The amount of grain produced in western Canada has continued to increase, but so to has the fight for customers. Nothing new is today's fight at GATT and complaints that the Europeans are subsidizing their farmers and the Americans are competing unfairly. That was the big problem in the 1950s.


The US guaranteed its wheat producers $2.00 a bushel while Canadian farmers got $1.40. To get rid of their extra wheat the US used currency sales, credit and barter. Then as now the complaint was the US farmers were heavily subsidized and the Canadian farmers modestly so.

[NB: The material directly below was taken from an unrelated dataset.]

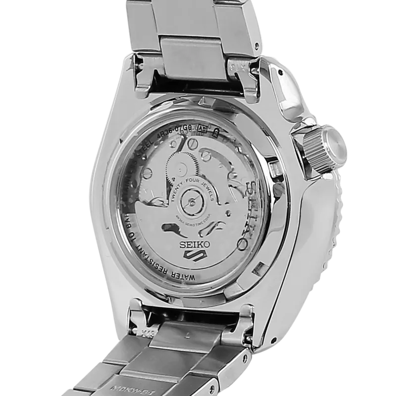 לוח השעון מציג את התאריך והיום בשבוע. השעון בעל מנגנון סייקו אוטומטי 4R36 הנטען מתנועת היד ומאפשר גם טעינה על ידי סיבוב הכתר.

Nationalistic policies in Europe are nothing new. In the 1960s high domestic price for wheat in European countries was also used to encourage home wheat production and reduce imports. British wheat was $1.97, the same time the West Germans paid $2.85 to their wheat growers. Swiss farmers received $4.00 a bushel.
Do things ever change? Not in the grain market.


The Alberta Wheat Pool slowly paid off its debts and repaid those farmers who had originally contributed cash to build the elevators. Patronage dividends were paid to members who had delivered grain to the facilities and generations of new farmers have bought into the system.


The Alberta Wheat Pool, a farmer co-operative.